En 1928, en Gâtinais, la nature explose de 1 000 richesses, il n’y a pas de grands efforts à faire pour récolter du miel. Cette année-là, le petit André voit le jour et, sans que personne ne la remarque, une abeille vient se poser sur son berceau !

Peu de temps après ses grands- parents l’initient à l’apiculture, à l’époque le miel ne coûte rien, quand le sucre raffiné, lui, a grande valeur ! Chacun possède ses ruches et sait les fabriquer. Mais, les grands-pères étaient allergiques aux piqûres de leurs abeilles ;

aussi, très tôt, on confia au petit André le soin de s’occuper des ruches pleines. De ces premiers contacts naît une passion pour l’abeille qui ne se démentira pas !

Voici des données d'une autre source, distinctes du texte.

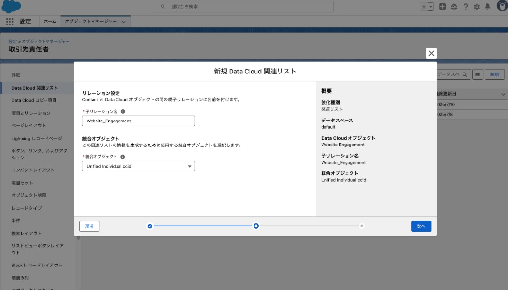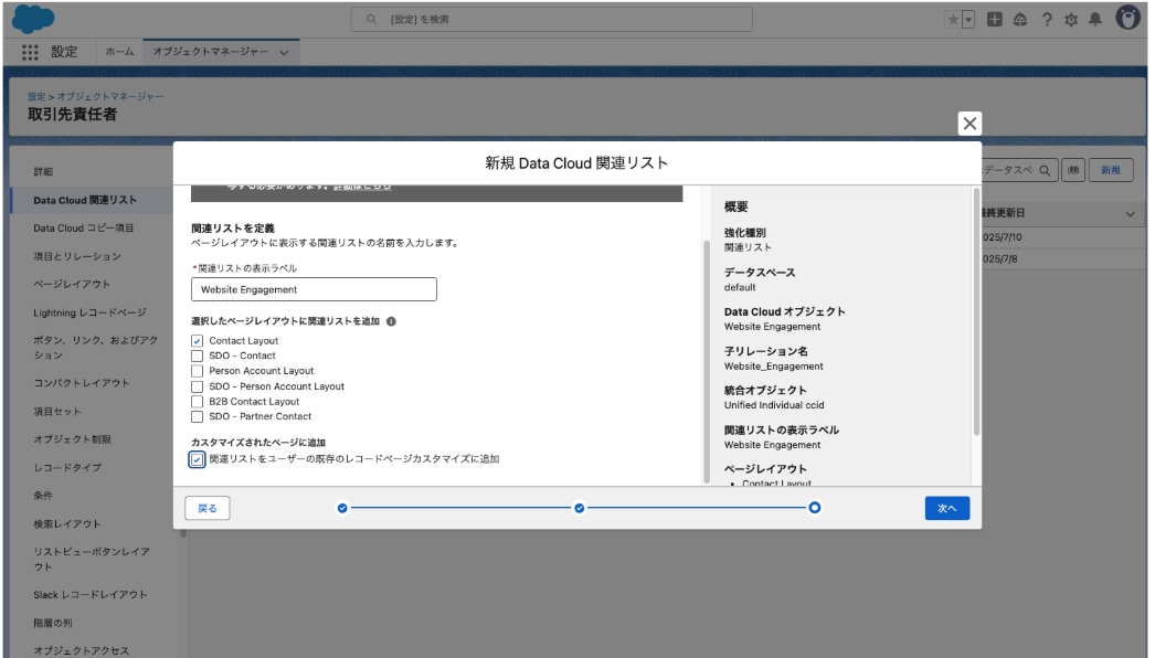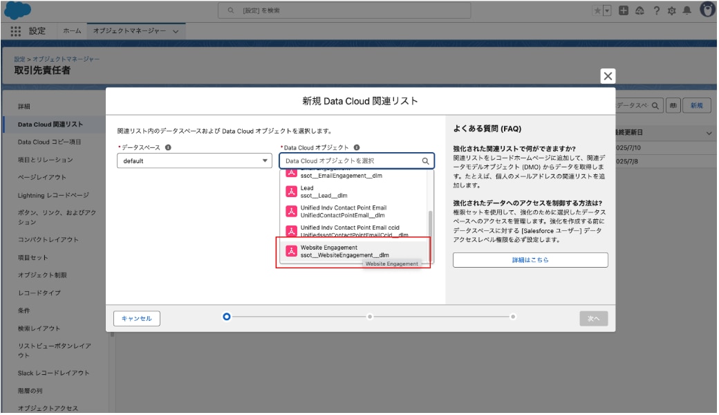 (ワンポイント)動的関連リストを作りたいのだから「Data Cloud関連リスト」の作成は不要では?と思っていたのですが、「Data Cloud関連リスト」を作成せずに動的関連リストを作成したら、動的関連リストの作成時に「Website Engagement」がリストに表示されませんでしたのでご注意を。

Premier record donc, à 6 ans à peine, André touche sa première ruche en viorne ; et à 8, il tresse seul ses premiers paniers à mouches à miel. 1936, 2014, faites le calcul : cela fait donc près de 80 ans que l’apiculteur/vannier exerce son art. Même si aujourd’hui des douleurs au bras et à l’épaule l’empêchent de poursuivre son œuvre monumentale, admettez que la performance mérite un coup de chapeau !

De 3 000 à 5 000 !

Ce n’est pas tout. Comme il n’a jamais vraiment arrêté, qu’en moyenne il a fabriqué de 50 à 60 ruches par an en vannerie, un rapide calcul montre qu’au cours d’une vie bien remplie, André a dû passer entre ses mains de 3 000 à 5 000 paniers à abeilles… Certes, toutes n’étaient pas de grandes tailles, beaucoup étaient décoratives, certaines à peine plus hautes qu’une boîte d’allumettes, mais quand même, ce nouveau record sera difficile à battre !

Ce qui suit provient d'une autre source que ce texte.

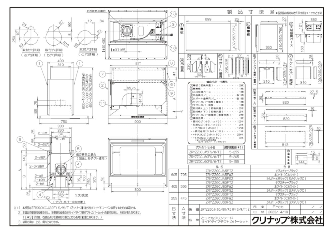 ・800~1050用 (ダクトカバー品番:ZRYZZGCJA5FTZ)
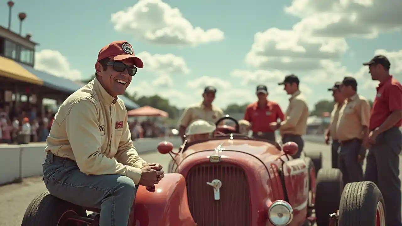 Elijahरेसिंग ट्रैक, पिट स्टॉप, मैकेनिक टीम, अग्रभूमि में रेसिंग कार ड्राइवर, स्टीव मैक्वीन देखो, खुश, धूप का चश्मा, कार के हुड के ऊपर बैठे, विंटेज फोटो, अत्यधिक विस्तृत

On pourrait s’arrêter là et remettre à André une récompense bien méritée, mais non, ce n’est pas tout… Son goût pour la performance l’a poussé à tresser la plus grosse ruche gâtinaise au monde! Plus d’un mois de travail (on imagine le temps passé à la récolte) pour cette ruche en viorne de 2 m de haut, capable de contenir un adulte. Elle trône à ses côtés alors qu’il nous présente les arnas et leur piello, des ruches marocaines allongées et leur couvercle qu’il a reconstitué à partir de documents anciens. Ces vanneries, bardées d’argile, sont habituellement disposées à l’horizontale dans des grottes…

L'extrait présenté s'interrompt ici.